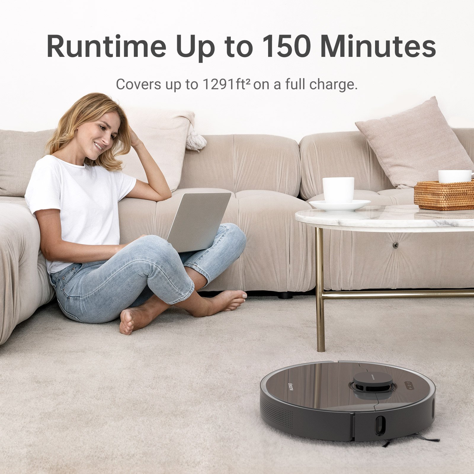 باتری داخلی قدرتمند 5200 میلی آمپری این محصول با یکبار شارژ 150 دقیقه کار کرده که این میزان برای نظافت 250 متر فضا کافیست. در صورت پایان شارژ باتری (رسیدن به 20 درصد ظرفیت)، ربات به طور خودکار به داکت شارژ بازگشته و پس از شارژ کامل به آخرین نقطه قبلی بازگشته و به کار خود ادامه می دهد.
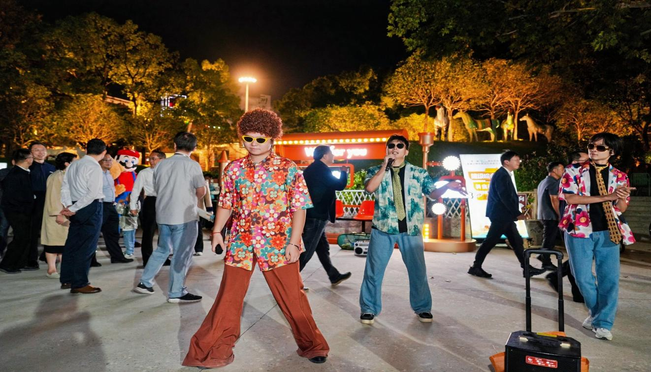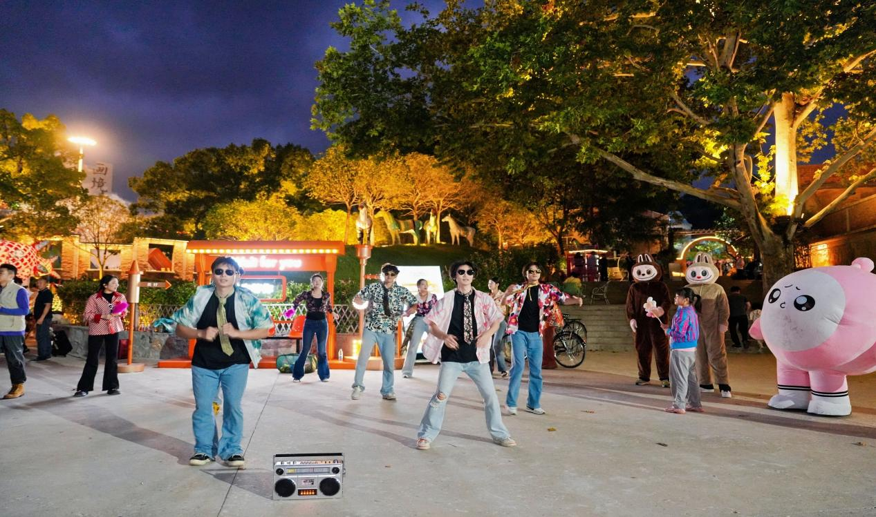 围绕集贤时空的复古基调,公司员工精心策划了“时空年代巡演”主题演出。舞蹈节目选取了《路灯下的小姑娘》《夜上海》《莎啦啦》《冬天里的一把火》等经典曲目,演员们身着八十年代标志性的迪斯科服装,肩扛老式收音机,骑着二八大杠自行车,车上载满铁皮青蛙、泡泡胶等复古玩具,瞬间将观众带入往昔岁月。歌曲演绎环节,小虎队的《爱》、闽南语金曲《爱情才会赢》等旋律响起,引发全场共鸣。此外,跳皮筋、跳房子、丢沙包等互动游戏更是吸引游客踊跃参与,同学们将玩具作为奖励赠送,现场气氛热烈,欢声笑语不断。
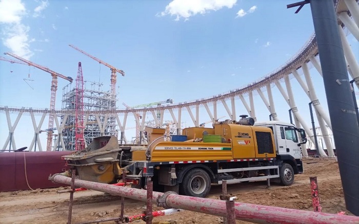 项目亮点之一的间冷塔,采用了创新的钢管混凝土X柱结构,单柱高达30米,重达51,9吨。然而,随着泵送高度的攀升,混凝土黏度急剧增加,泵送过程中极易出现憋压熄火现象,对施工设备提出了前所未有的要求。 金牌影院在线观看。
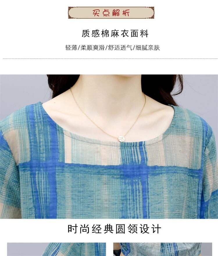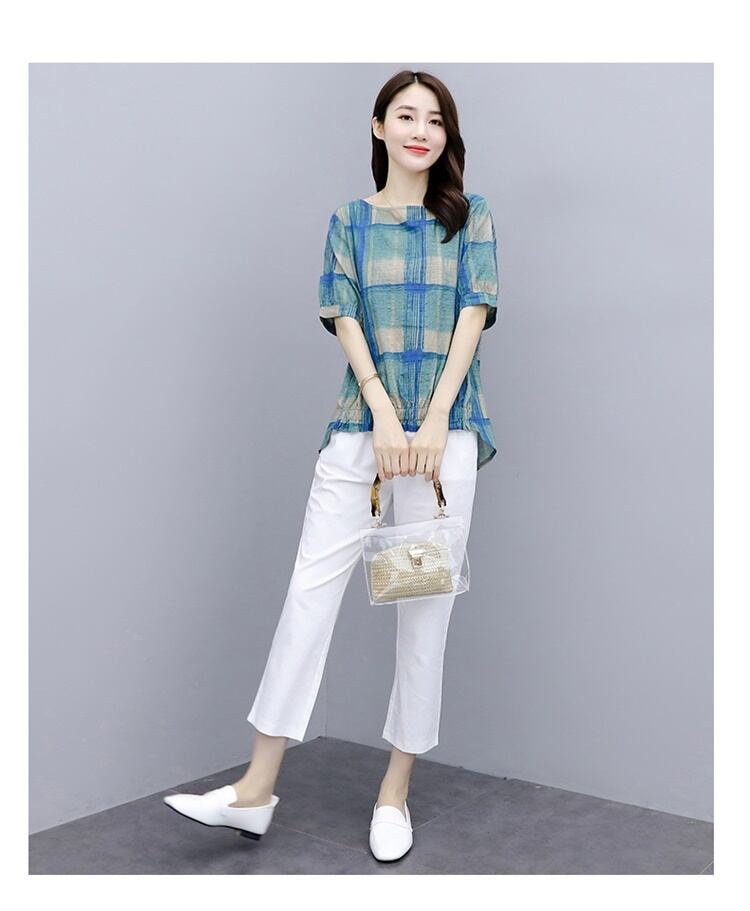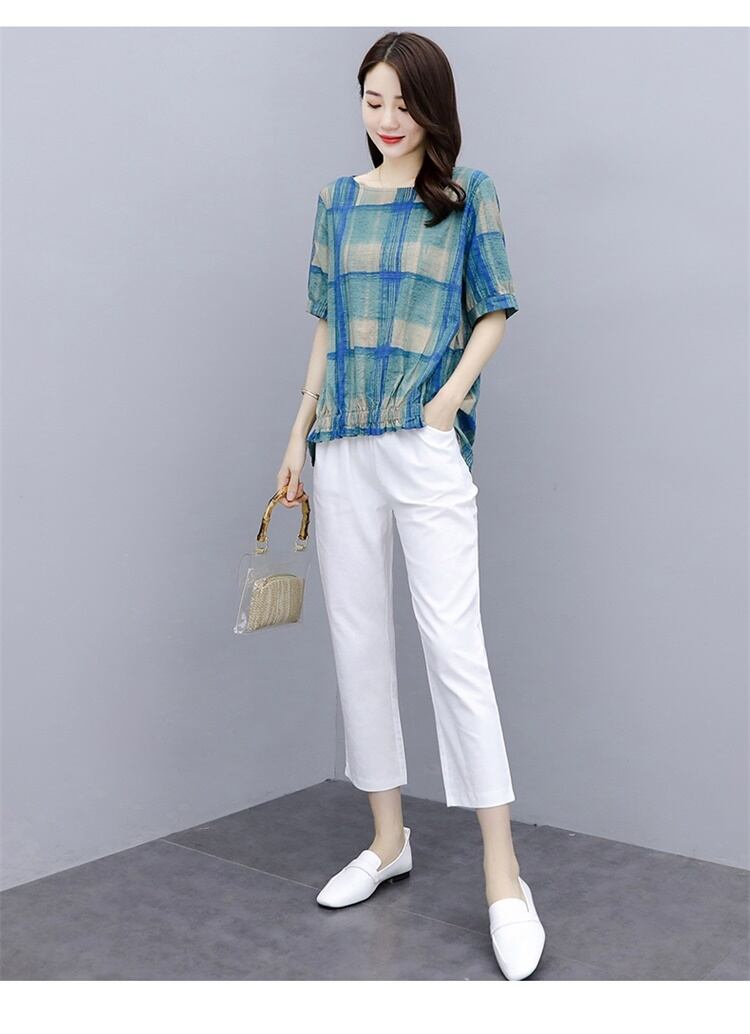 2021年夏の新しいプラスサイズのファッションコットンとリネンのスーツ女性のルーズ半袖チェック柄トップ9ポイントパンツツーピーススーツ 大きめサイズ サマー 夏物 TB2-12 TB2-127636792601
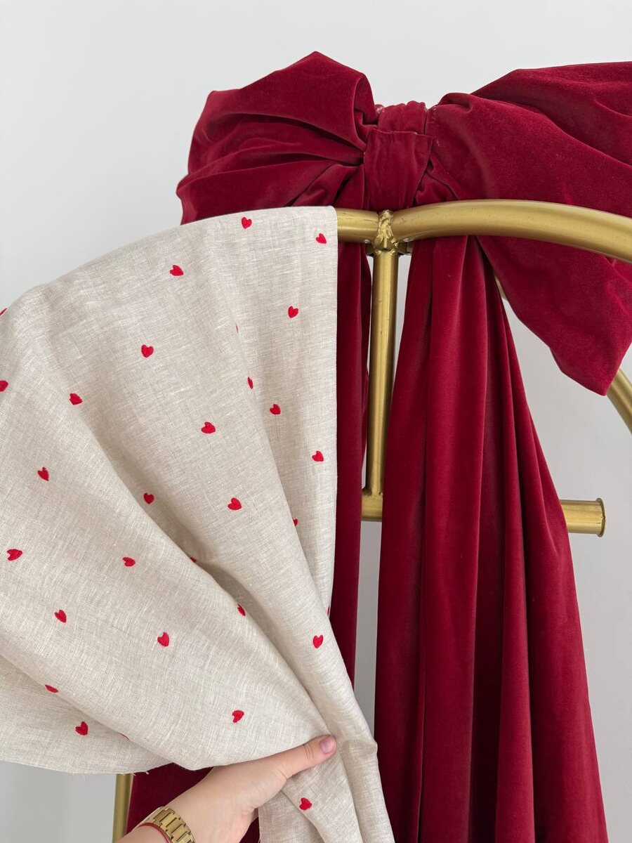 Такая нежная, воздушная, летняя, «влюбленная» ткань - натуральный лён с хлопком с вышивкой сердечки
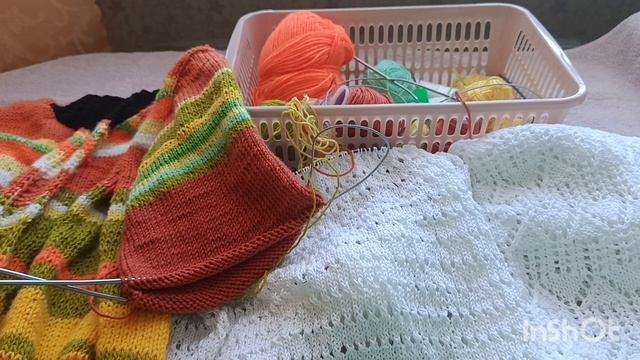 Кардиган " яркая Осень" . вяжем из остатков пряжи .
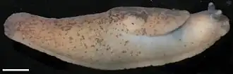 Adults are usually 20–35 mm long.[2] The skin and flesh are watery and fairly transparent.[3] The colour of the skin varies between light greyish-brown to almost black. Close inspection reveals fine dark spotting usually over the whole body; this shows up better in alcohol-preserved specimens.[2] Often, but not always, the respiratory pore is pale and unspotted.[3] The mucus is colourless.
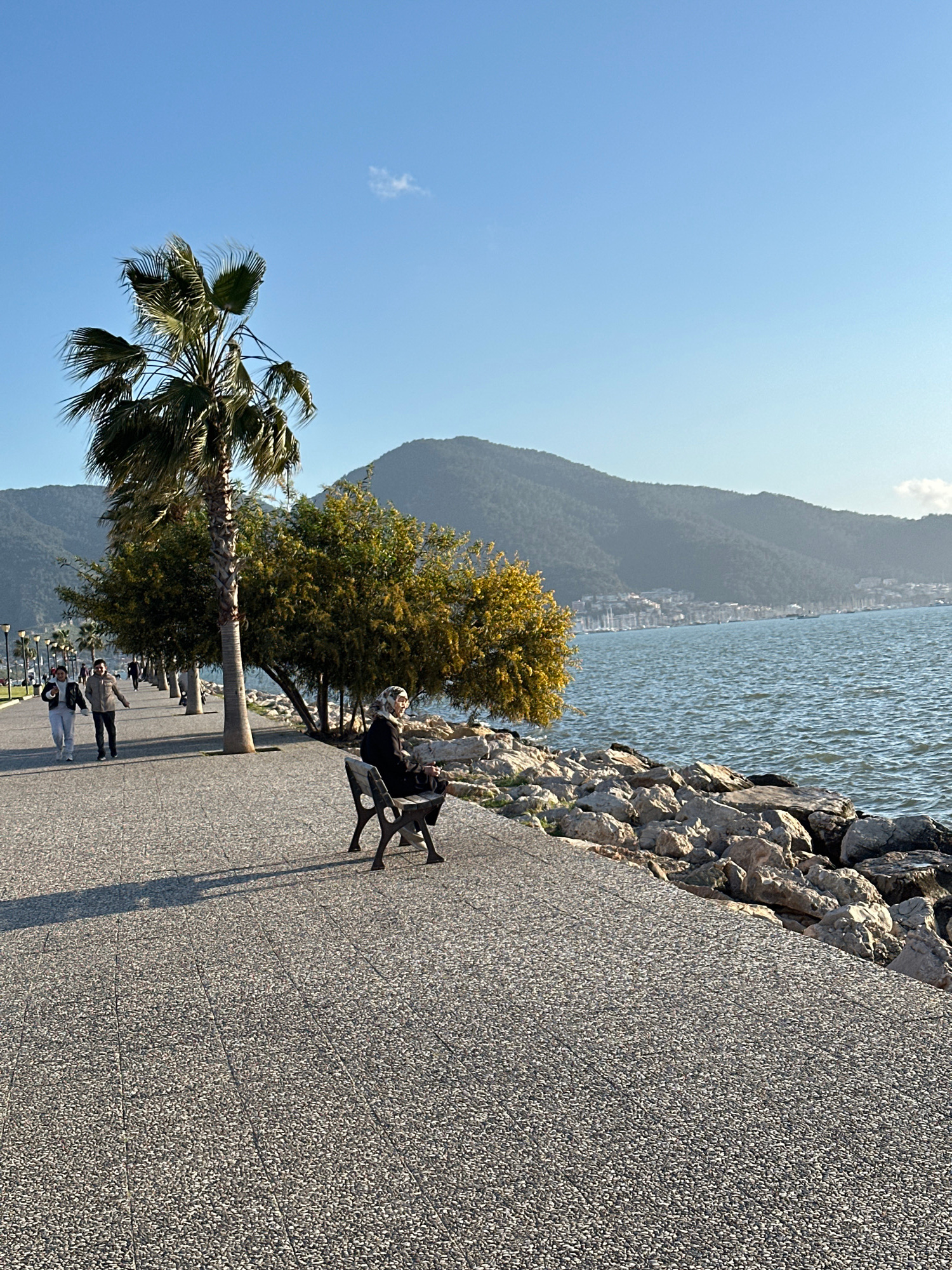 The image depicts a sunny outdoor scene along a waterfront promenade. A palm tree stands prominently to the left, with a line of trees extending down the walkway. People are strolling and relaxing on…read more
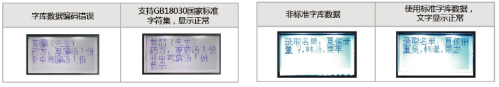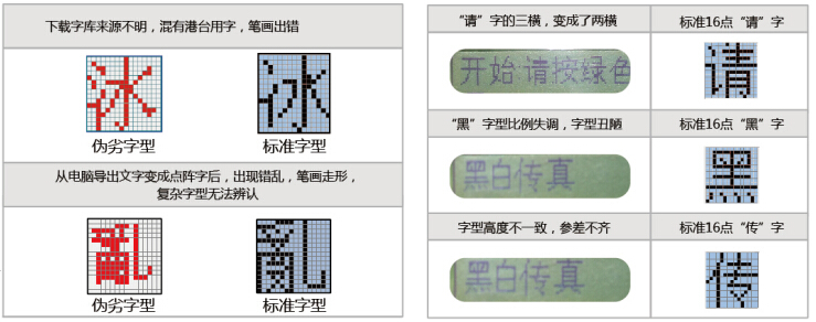 | 使用非正常渠道的字库数据,编码不全,出现错字、漏字现象,严重影响消费者的正常使用,也降低了厂家的产品品质。使用了错误或不标准的字库编码,严重影响中文信息的读取,文字信息乱码直接导致无法正常读取信息,影响了消费者的正常使用。 |
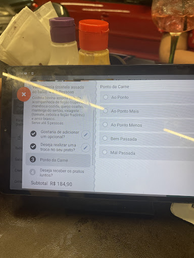 Read moreExperiência não foi boa, comida meio q sem sabor, temperos, não tem todos os itens que está no cardápio do rodízio,. Olha q Cheguei cedo p o rodízio, mesmo assim Dá uma desculpa sem lógica pelos itens que falta. Que são vários tipo , dadinho de tapioca fígado em tiras com jiló e cebola croquete, pastelzinho, linguiça cuiabana. Fiquei por bastante tempo na mesa sem indicação que era rodízio . quando estava quase para sair passou uma garçonete muito educada e colocou a placa de indicação de rodízio na mesa sendo que vários garçons passaram por mim atenderam a mesa sabiam que era rodízio e não colocaram a placa informando: tál. Fiz o pedido de um abacaxi q nunca passava, quando o garçom passou deixou apenas um pedaço quase jogando o abacaxi em mim de mal...
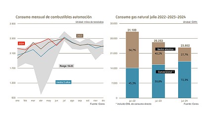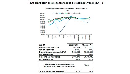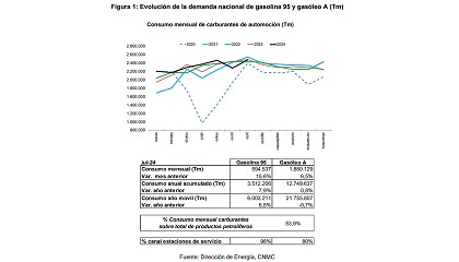 GLP (1,5%), querosenos (11,4%), y fuelóleos (4,8%). Los datos acumulados anuales continúan siendo positivos, con incrementos en todos los grupos de productos, destacándose el aumento del 12,8% en querosenos
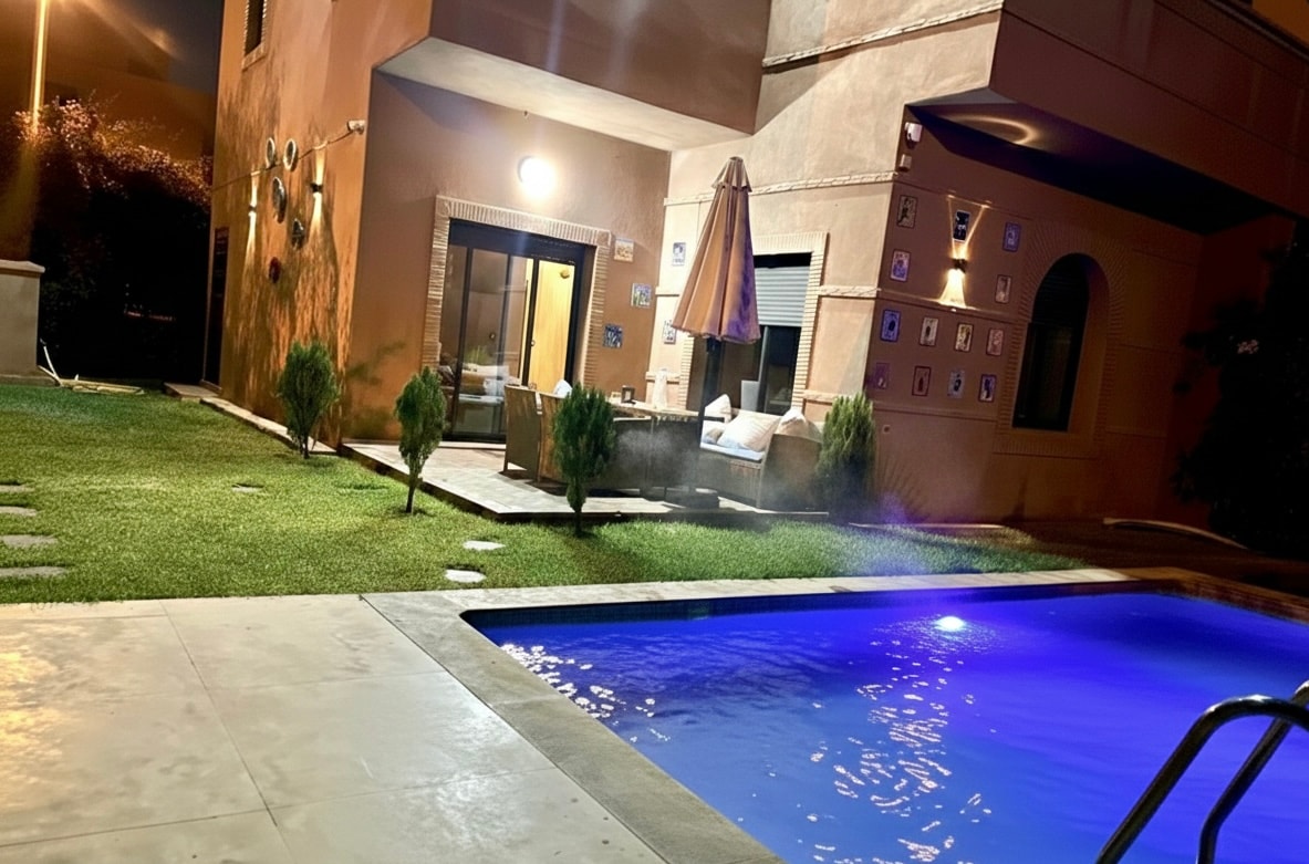 Villa Riad Perle d'Annellia, con piscina privada, se encuentra a unos 7,5 km de Marrakech. Ofrece 3 piscinas, una terraza, wifi y aparcamiento privado, dentro de una residencia segura. La villa está totalmente climatizada e incluye 2 suites con baño privado, 2 salones y 1 cocina equipada. Se proporcionan toallas y ropa de cama. Los huéspedes pueden disfrutar de 2 piscinas compartidas, 1 zona infantil, tiendas y restaurantes cercanos y un servicio de conserjería.
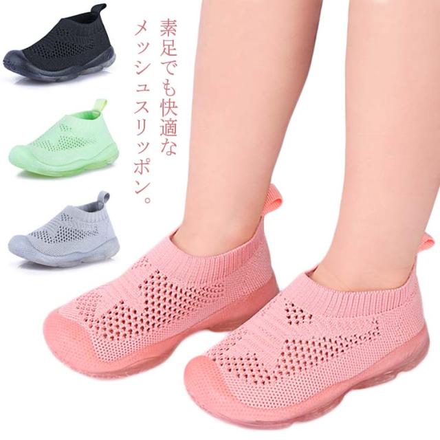 メッシュスリッポン スニーカー 子供靴 サンダル キッズ 女の子 男の子 通気性 スポーツサンダル シューズ 春夏 ぺたんこ 1歳 2歳 3歳 6歳
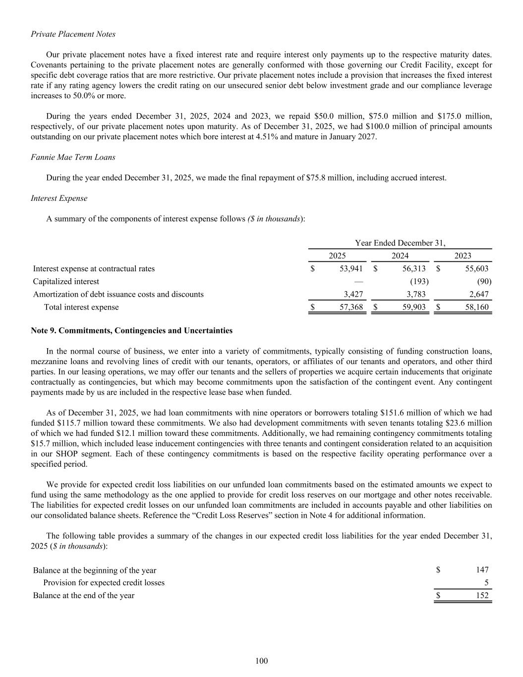 A summary of the components of interest expense follows ($ in thousands): Year Ended December 31, 2025 2024 2023 Interest expense at contractual rates $ 53,941 $ 56,313 $ 55,603 Capitalized interest — (193) (90) Amortization of debt issuance costs and discounts 3,427 3,783 2,647 Total interest expense $ 57,368 $ 59,903 $ 58,160 Note 9. Commitments, Contingencies and Uncertainties In the normal course of business, we enter into a variety of commitments, typically consisting of funding construction loans, mezzanine loans and revolving lines of credit with our tenants, operators, or affiliates of our tenants and operators, and other third parties. In our leasing operations, we may offer our tenants and the sellers of properties we acquire certain inducements that originate contractually as contingencies, but which may become commitments upon the satisfaction of the contingent event. Any contingent payments made by us are included in the respective lease base when funded. As of December 31, 2025, we had loan commitments with nine operators or borrowers totaling $151.6 million of which we had funded $115.7 million toward these commitments. We also had development commitments with seven tenants totaling $23.6 million of which we had funded $12.1 million toward these commitments. Additionally, we had remaining contingency commitments totaling $15.7 million, which included lease inducement contingencies with three tenants and contingent consideration related to an acquisition in our SHOP segment. Each of these contingency commitments is based on the respective facility operating performance over a specified period. We provide for expected credit loss liabilities on our unfunded loan commitments based on the estimated amounts we expect to fund using the same methodology as the one applied to provide for credit loss reserves on our mortgage and other notes receivable. The liabilities for expected credit losses on our unfunded loan commitments are included in accounts payable and other liabilities on our consolidated balance sheets. Reference the “Credit Loss Reserves” section in Note 4 for additional information. The following table provides a summary of the changes in our expected credit loss liabilities for the year ended December 31, 2025 ($ in thousands): Balance at the beginning of the year $ 147 Provision for expected credit losses 5 Balance at the end of the year $ 152 Private Placement Notes Our private placement notes have a fixed interest rate and require interest only payments up to the respective maturity dates. Covenants pertaining to the private placement notes are generally conformed with those governing our Credit Facility, except for specific debt coverage ratios that are more restrictive. Our private placement notes include a provision that increases the fixed interest rate if any rating agency lowers the credit rating on our unsecured senior debt below investment grade and our compliance leverage increases to 50.0% or more. During the years ended December 31, 2025, 2024 and 2023, we repaid $50.0 million, $75.0 million and $175.0 million, respectively, of our private placement notes upon maturity. As of December 31, 2025, we had $100.0 million of principal amounts outstanding on our private placement notes which bore interest at 4.51% and mature in January 2027. Fannie Mae Term Loans During the year ended December 31, 2025, we made the final repayment of $75.8 million, including accrued interest. Interest Expense 100

EXERCISE DESCRIPTION: Going by the data above, give back only the lines from the one containing "с вышивкой сердечки" through the one containing "остатков пряжи .", exactly as they stand, both ends included and no images.

THE COMPLETED TASK:
 Такая нежная, воздушная, летняя, «влюбленная» ткань - натуральный лён с хлопком с вышивкой сердечки
 Кардиган " яркая Осень" . вяжем из остатков пряжи .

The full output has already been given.